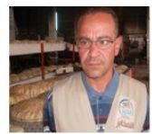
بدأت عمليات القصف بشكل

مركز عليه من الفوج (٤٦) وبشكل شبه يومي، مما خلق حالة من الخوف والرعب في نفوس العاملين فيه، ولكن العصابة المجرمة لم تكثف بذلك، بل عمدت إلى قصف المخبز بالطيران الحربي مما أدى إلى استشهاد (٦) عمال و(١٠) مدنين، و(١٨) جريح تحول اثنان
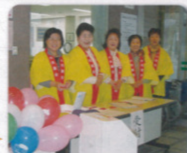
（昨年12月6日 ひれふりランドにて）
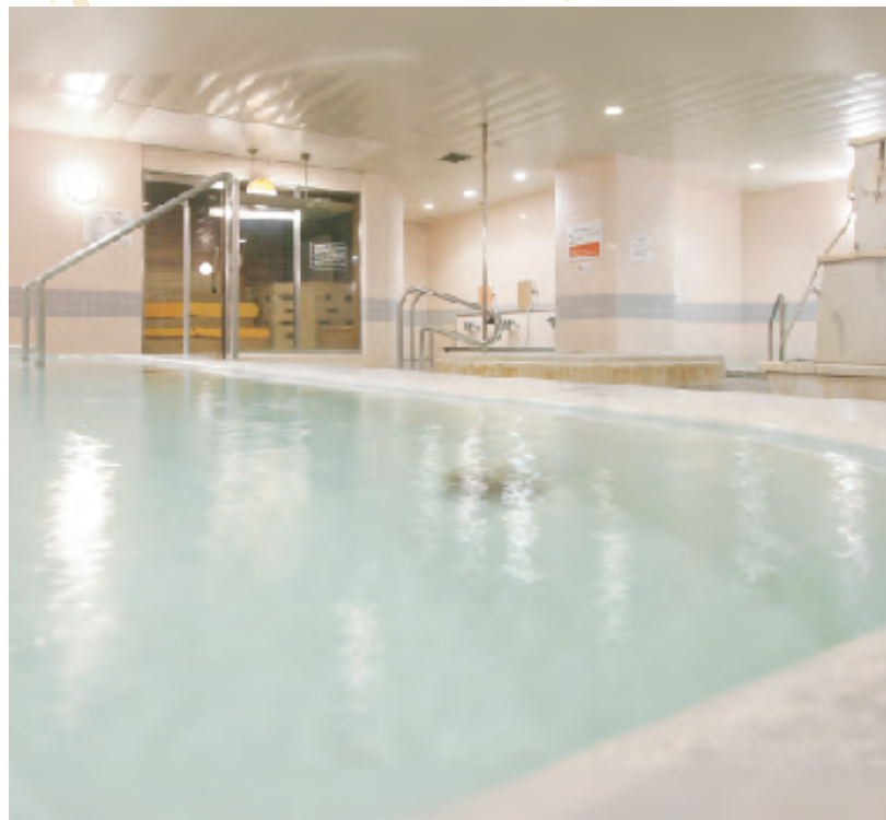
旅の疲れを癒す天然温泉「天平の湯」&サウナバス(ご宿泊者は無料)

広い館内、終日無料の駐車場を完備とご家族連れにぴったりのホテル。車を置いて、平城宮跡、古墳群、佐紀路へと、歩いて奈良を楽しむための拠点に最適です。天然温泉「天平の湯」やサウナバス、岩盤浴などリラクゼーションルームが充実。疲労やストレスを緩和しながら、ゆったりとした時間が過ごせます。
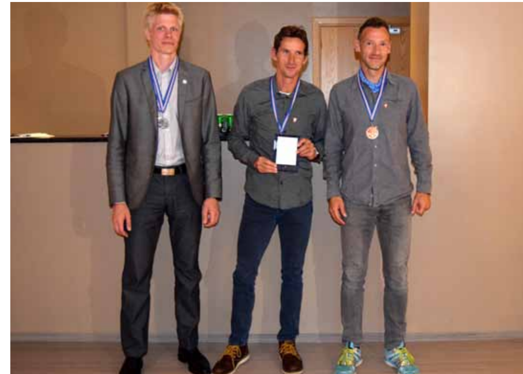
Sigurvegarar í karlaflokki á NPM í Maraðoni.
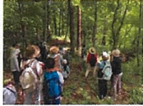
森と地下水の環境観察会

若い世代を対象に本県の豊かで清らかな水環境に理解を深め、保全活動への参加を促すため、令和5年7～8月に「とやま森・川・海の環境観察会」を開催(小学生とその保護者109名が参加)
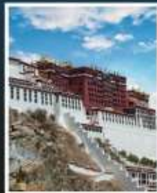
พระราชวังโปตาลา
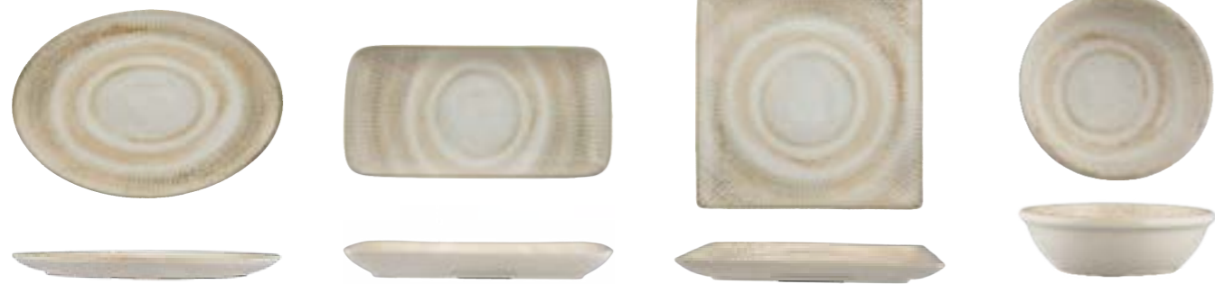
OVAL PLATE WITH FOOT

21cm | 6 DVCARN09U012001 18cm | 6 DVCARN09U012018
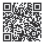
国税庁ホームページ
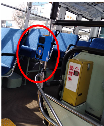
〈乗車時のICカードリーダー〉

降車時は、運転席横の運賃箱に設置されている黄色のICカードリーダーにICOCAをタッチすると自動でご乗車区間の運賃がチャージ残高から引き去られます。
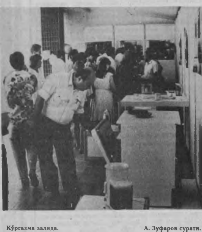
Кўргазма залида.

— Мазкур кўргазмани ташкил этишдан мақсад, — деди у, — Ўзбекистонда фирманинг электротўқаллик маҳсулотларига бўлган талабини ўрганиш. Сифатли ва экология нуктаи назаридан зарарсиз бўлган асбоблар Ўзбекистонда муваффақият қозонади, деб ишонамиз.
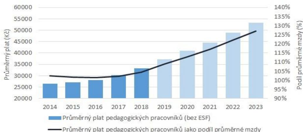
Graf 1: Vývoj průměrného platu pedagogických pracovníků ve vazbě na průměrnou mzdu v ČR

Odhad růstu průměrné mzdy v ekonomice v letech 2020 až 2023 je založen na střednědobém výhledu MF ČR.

★ ★ ★ ★ ★ ★ ★

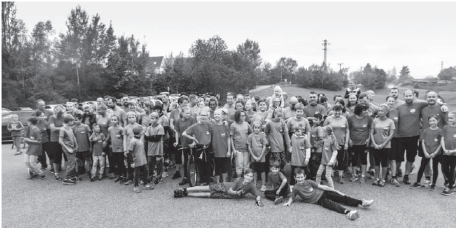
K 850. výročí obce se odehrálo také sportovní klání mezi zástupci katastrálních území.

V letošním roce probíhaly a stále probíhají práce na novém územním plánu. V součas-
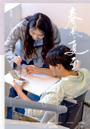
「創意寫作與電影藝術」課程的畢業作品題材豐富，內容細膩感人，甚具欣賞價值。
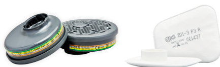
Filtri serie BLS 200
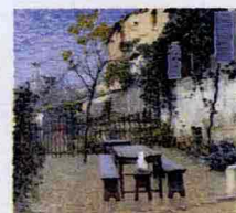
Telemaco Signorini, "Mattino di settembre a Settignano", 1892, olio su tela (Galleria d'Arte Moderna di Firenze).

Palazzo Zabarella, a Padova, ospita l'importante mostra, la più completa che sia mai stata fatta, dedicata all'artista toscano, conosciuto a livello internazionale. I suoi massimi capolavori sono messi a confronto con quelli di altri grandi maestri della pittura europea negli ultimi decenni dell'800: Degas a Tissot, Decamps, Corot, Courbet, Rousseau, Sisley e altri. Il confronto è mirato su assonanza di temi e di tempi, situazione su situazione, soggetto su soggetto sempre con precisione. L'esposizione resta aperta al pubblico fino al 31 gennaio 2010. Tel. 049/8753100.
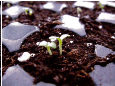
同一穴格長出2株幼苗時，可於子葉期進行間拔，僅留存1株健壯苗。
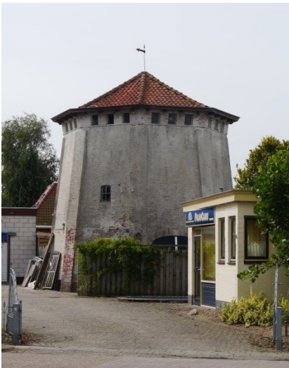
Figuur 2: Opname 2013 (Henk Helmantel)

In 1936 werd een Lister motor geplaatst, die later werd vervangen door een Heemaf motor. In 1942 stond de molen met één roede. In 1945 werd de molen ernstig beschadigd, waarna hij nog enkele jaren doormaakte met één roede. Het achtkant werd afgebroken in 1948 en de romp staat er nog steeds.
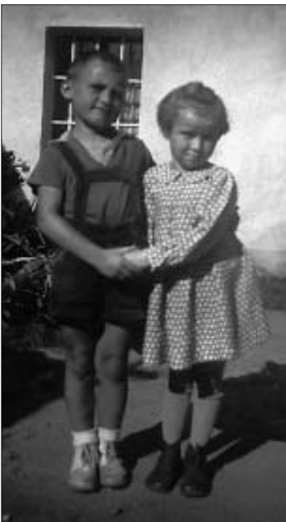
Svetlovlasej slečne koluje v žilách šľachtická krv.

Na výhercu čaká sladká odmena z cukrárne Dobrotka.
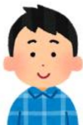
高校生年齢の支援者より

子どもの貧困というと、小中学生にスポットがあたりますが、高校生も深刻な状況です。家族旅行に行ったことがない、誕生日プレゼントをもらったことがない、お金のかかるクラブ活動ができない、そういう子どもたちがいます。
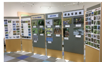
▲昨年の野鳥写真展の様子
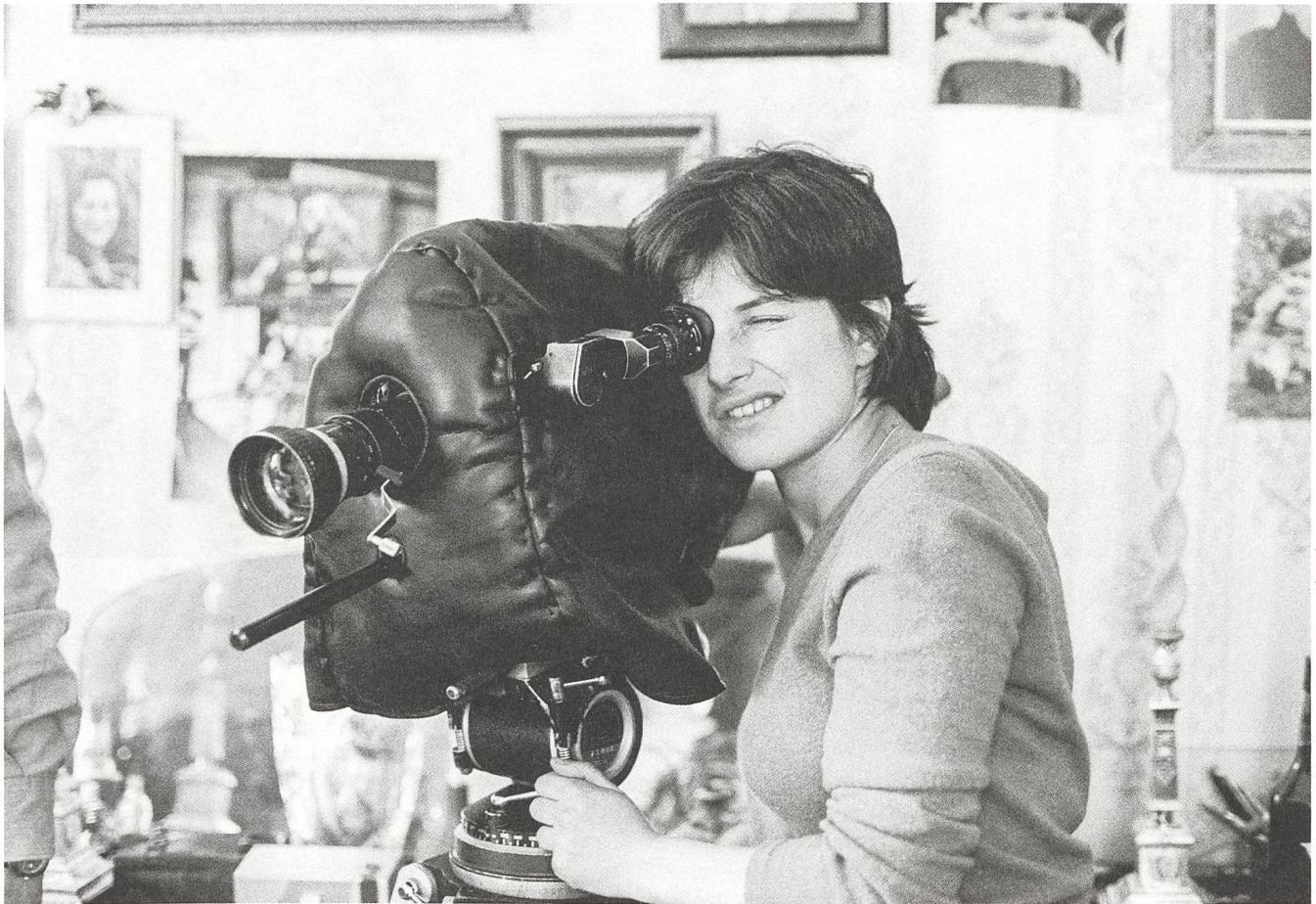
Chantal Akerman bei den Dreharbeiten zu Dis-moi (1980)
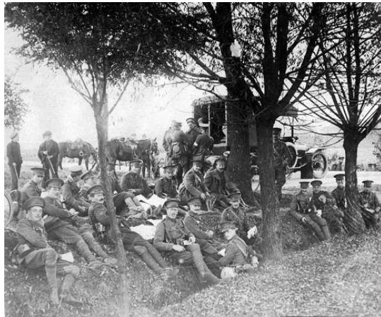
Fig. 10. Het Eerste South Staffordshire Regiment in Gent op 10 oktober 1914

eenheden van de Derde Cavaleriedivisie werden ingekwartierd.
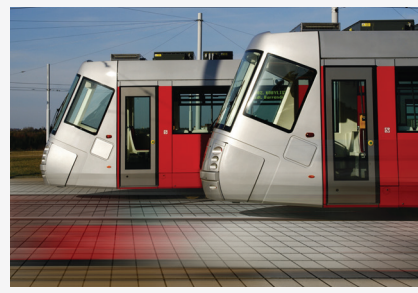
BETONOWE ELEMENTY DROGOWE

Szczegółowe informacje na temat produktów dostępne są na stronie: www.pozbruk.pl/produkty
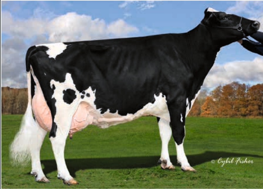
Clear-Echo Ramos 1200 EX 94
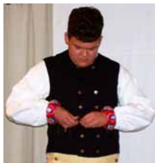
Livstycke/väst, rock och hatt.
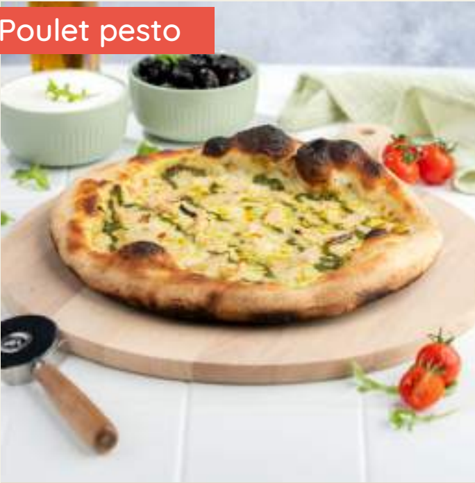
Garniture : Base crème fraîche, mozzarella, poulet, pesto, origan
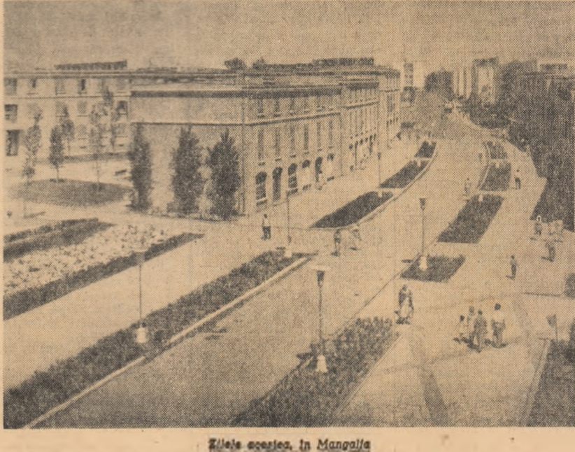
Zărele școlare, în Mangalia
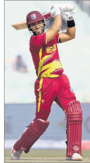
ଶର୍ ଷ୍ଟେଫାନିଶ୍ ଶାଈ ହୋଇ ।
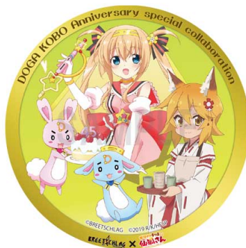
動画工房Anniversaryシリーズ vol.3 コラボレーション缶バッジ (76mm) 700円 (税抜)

★ ★ ★ ★ ★ ★ ★

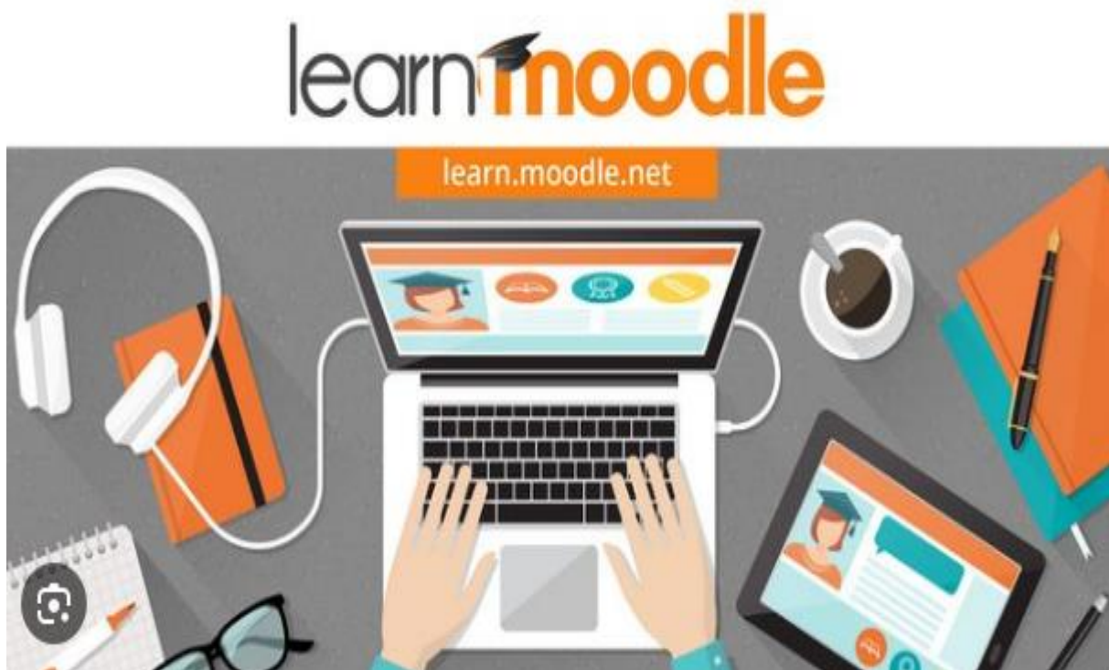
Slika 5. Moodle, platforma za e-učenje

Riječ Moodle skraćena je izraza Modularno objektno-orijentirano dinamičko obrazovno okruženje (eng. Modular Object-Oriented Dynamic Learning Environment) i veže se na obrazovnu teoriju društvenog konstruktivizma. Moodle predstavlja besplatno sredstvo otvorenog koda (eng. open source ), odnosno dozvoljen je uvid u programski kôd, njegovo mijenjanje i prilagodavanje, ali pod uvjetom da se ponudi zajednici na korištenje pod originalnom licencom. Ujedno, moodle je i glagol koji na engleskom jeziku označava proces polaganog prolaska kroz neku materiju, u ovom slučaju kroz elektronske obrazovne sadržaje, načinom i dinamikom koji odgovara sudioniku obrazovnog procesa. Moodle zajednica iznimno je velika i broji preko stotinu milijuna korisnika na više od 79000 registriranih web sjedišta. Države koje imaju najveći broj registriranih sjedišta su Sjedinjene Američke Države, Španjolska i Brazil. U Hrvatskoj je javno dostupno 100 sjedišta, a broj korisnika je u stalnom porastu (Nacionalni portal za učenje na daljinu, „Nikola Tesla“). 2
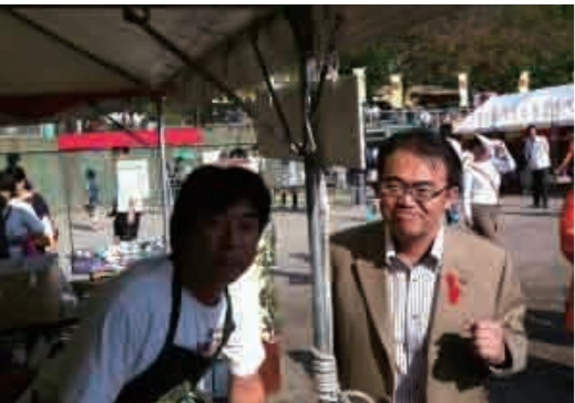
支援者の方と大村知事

★ ★ ★ ★ ★ ★ ★

THE PROBLEM: In the listing above, find the line holding "Na výhercu čaká" and the line holding "Zărele școlare, în Mangalia". Reproduce those two lines and all between them exactly, leaving out pictures.

EXERCISE RESULT:
Na výhercu čaká sladká odmena z cukrárne Dobrotka.
高校生年齢の支援者より

子どもの貧困というと、小中学生にスポットがあたりますが、高校生も深刻な状況です。家族旅行に行ったことがない、誕生日プレゼントをもらったことがない、お金のかかるクラブ活動ができない、そういう子どもたちがいます。
▲昨年の野鳥写真展の様子
Chantal Akerman bei den Dreharbeiten zu Dis-moi (1980)
Fig. 10. Het Eerste South Staffordshire Regiment in Gent op 10 oktober 1914

eenheden van de Derde Cavaleriedivisie werden ingekwartierd.
BETONOWE ELEMENTY DROGOWE

Szczegółowe informacje na temat produktów dostępne są na stronie: www.pozbruk.pl/produkty
Clear-Echo Ramos 1200 EX 94
Livstycke/väst, rock och hatt.
Garniture : Base crème fraîche, mozzarella, poulet, pesto, origan
Zărele școlare, în Mangalia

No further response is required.